LamAPI provides a user-friendly interface for streamlined access to Wikidata, offering Full-Text search capabilities and detailed entity analysis.
The following diagram illustrates the data processing pipeline used by LamAPI:
LamAPI processes data from Wikidata through the following stages:
- Data Ingestion: The large compressed Wikidata dump file is ingested into the LamAPI ecosystem.
- Data Storage: The ingested data is then decompressed and stored as JSON in MongoDB for structured and efficient data management.
- Data Indexing: Using Elasticsearch, the stored data is indexed to enable rapid and precise Full-Text search capabilities.
- Service Interaction: LamAPI exposes various services (lookup, objects, literals) that tap into the stored and indexed data to provide detailed information and analysis about entities within Wikidata.
LamAPI offers specialized services designed to cater to various data retrieval and analysis needs:
Conducts Full-Text searches across Wikidata to find entities matching input strings, providing quick access to a wealth of structured information.
- Input: Search string, e.g., "Jurassic World".
- Output: A list of entities related to the search term, including information like IDs and titles from Wikidata.
Accesses relationships of Wikidata entities, allowing users to explore the connections and context of the data within the knowledge graph.
- Input: Entity ID, e.g.,
Q35120246
for the film "Jurassic World". - Output: Object data showing properties such as 'director' (P57) -> Colin Trevorrow (
Q1545625
), 'distributed by' (P750) -> Universal Pictures (Q35120246
).
Retrieves literal values associated with entities, such as labels, descriptions, and specific property values.
- Input: Entity ID, e.g.,
Q35120246
for the film "Jurassic World". - Output: Literal data like 'duration' (P2047) -> 124 (minutes), 'publication date' (P577) -> 12/06/2015, and 'box office' (P2041) -> 1670400637.
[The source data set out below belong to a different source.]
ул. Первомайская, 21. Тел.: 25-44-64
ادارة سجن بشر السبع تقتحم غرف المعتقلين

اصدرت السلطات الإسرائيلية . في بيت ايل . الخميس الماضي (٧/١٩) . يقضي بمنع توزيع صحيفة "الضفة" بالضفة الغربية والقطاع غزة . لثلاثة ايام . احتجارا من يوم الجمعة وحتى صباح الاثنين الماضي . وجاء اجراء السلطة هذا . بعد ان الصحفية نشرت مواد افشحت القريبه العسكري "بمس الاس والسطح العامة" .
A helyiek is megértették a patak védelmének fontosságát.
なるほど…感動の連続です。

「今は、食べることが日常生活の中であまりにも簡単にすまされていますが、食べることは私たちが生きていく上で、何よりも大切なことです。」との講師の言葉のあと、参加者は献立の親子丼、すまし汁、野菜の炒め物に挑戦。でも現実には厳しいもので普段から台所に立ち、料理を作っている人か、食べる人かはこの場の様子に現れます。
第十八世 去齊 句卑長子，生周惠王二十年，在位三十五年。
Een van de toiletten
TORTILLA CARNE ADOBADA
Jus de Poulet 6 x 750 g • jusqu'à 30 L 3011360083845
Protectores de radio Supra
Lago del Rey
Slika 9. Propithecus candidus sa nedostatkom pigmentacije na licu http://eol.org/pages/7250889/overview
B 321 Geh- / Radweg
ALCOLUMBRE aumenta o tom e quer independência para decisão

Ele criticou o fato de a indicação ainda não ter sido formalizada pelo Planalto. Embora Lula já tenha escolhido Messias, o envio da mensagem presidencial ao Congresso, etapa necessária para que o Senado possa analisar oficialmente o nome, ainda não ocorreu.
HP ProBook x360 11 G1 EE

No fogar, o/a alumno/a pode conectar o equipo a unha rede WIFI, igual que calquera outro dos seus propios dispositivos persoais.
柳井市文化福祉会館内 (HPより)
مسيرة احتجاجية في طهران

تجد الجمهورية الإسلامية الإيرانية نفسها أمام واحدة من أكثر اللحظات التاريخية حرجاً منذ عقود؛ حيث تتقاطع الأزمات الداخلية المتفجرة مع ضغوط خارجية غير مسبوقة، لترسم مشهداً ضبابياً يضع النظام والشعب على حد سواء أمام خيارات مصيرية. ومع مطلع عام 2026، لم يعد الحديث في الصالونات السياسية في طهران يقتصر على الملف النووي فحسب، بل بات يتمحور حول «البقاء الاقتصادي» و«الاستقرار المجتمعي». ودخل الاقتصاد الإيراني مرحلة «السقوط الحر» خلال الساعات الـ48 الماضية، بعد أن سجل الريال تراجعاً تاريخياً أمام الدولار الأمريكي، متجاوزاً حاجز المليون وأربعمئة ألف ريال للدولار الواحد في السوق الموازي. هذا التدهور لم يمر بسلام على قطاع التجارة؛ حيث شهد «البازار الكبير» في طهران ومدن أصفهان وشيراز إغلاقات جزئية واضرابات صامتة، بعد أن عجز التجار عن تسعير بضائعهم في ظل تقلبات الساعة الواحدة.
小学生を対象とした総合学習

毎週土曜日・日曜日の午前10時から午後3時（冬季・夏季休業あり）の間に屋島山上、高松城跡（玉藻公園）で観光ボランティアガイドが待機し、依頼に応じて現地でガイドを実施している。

This section provides a detailed guide on setting up LamAPI, including environment preparation, data acquisition, and system initialization.
Ensure you have the necessary permissions set on local volume folders. This can be achieved by running:
./setup-docker-volume.sh
Use docker-compose
to initialize and run the LamAPI services:
docker-compose up
Download the data dump from ZENODO using the following link: ZENODO Link.
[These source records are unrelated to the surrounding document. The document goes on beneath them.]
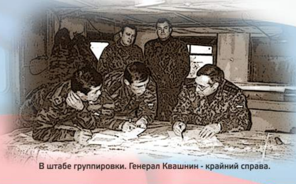
В штабе группировки. Генерал Квашнин - крайний справа.

Его имя увековечено на Аллее Героев города Курган, открытой 16.09.2020 г. в городском Парке Победы.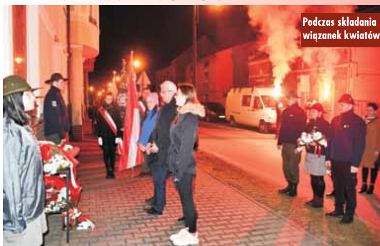
Podczas składania wiązanek kwiatów...

Data obchodów Narodowego Dnia Pamięci Żołnierzy Wyklętych nie jest przypadkowa - 1 marca 1951 r. w więzieniu na warszawskim Mokotowie, po pokazowym procesie z polecenia władz komunistycznych, strzałem w tył głowy zamordowano przywódców IV Zarządu Zrzesze-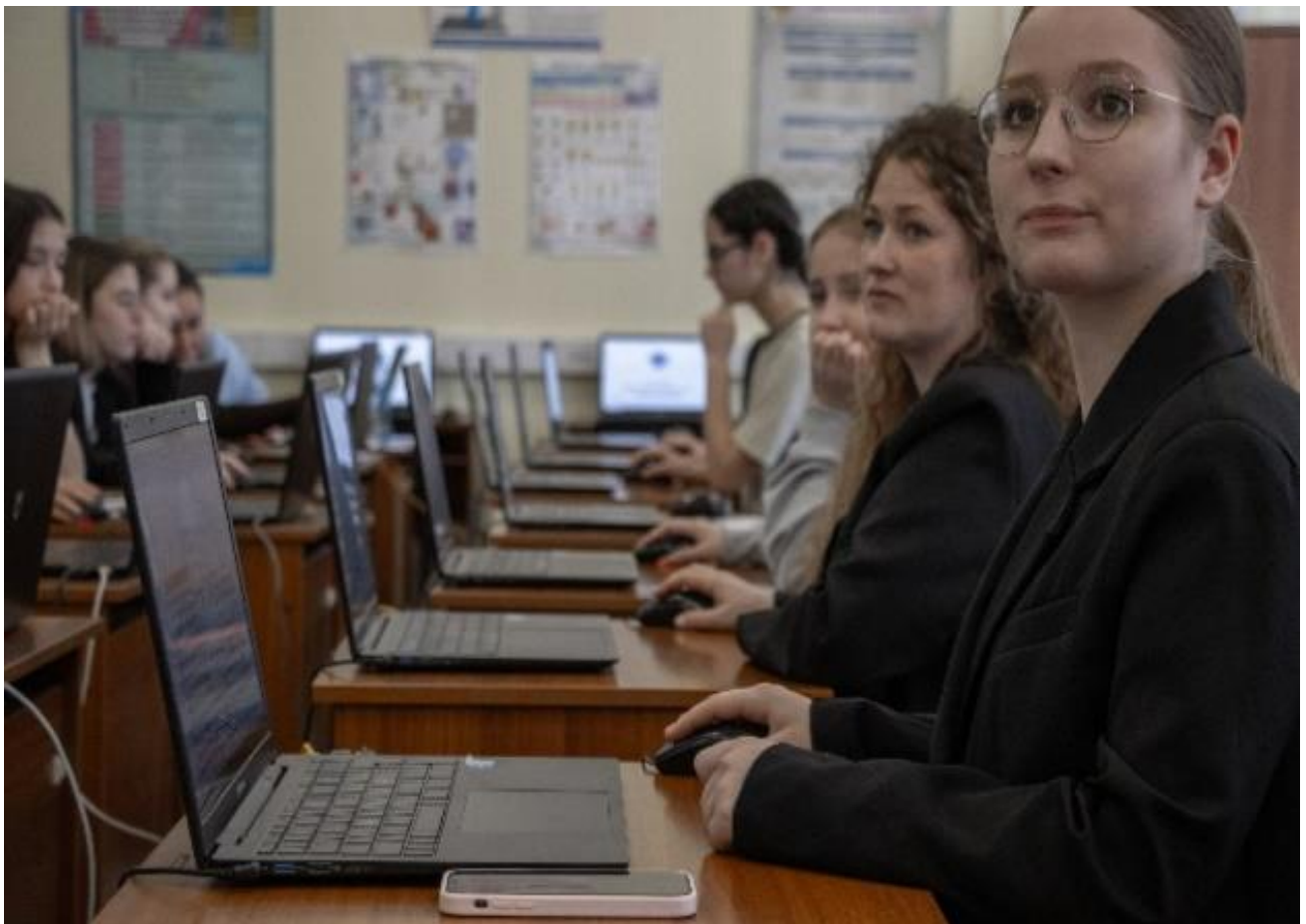
Абитуриенты в процессе проведения мастер-класса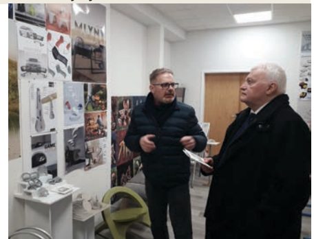
Rektora Ukrajinskej lesníckej národnej univerzity zaujalo umenie našich dizajnérov

Návšteva ukrajinskej delegácie na TUZVO priniesla nový impulz do rozvoja medzinárodnej spolupráce. Spoločné projekty, akademickej mobility a výmena

Move the downloaded dump to the my-data
directory, which is mapped to the MongoDB container via a local volume.
Unzip the data dump using the command:
unzip FILE_NAME
docker exec -it lamapi_mongo bash -c 'cd /data/my-data && mongorestore --gzip --host=localhost --port=27017 --username="$MONGO_INITDB_ROOT_USERNAME" --password="$MONGO_INITDB_ROOT_PASSWORD" --authenticationDatabase=admin
--db=wikidata30062023 wikidata30062023'
To create the Elasticsearch index, follow these steps:
- Access the API container:
docker exec -it lamapi_api bash
- Navigate to the scripts directory:
cd scripts
- Run the indexing script:
python elastic_indexing.py <DATABASE NAME>
It is recommended to use tmux
or a similar tool to manage terminal sessions, which can help in monitoring the progress of long-running commands.
After completing the Elasticsearch indexing, LamAPI is fully set up. You can now start exploring its features and functionalities.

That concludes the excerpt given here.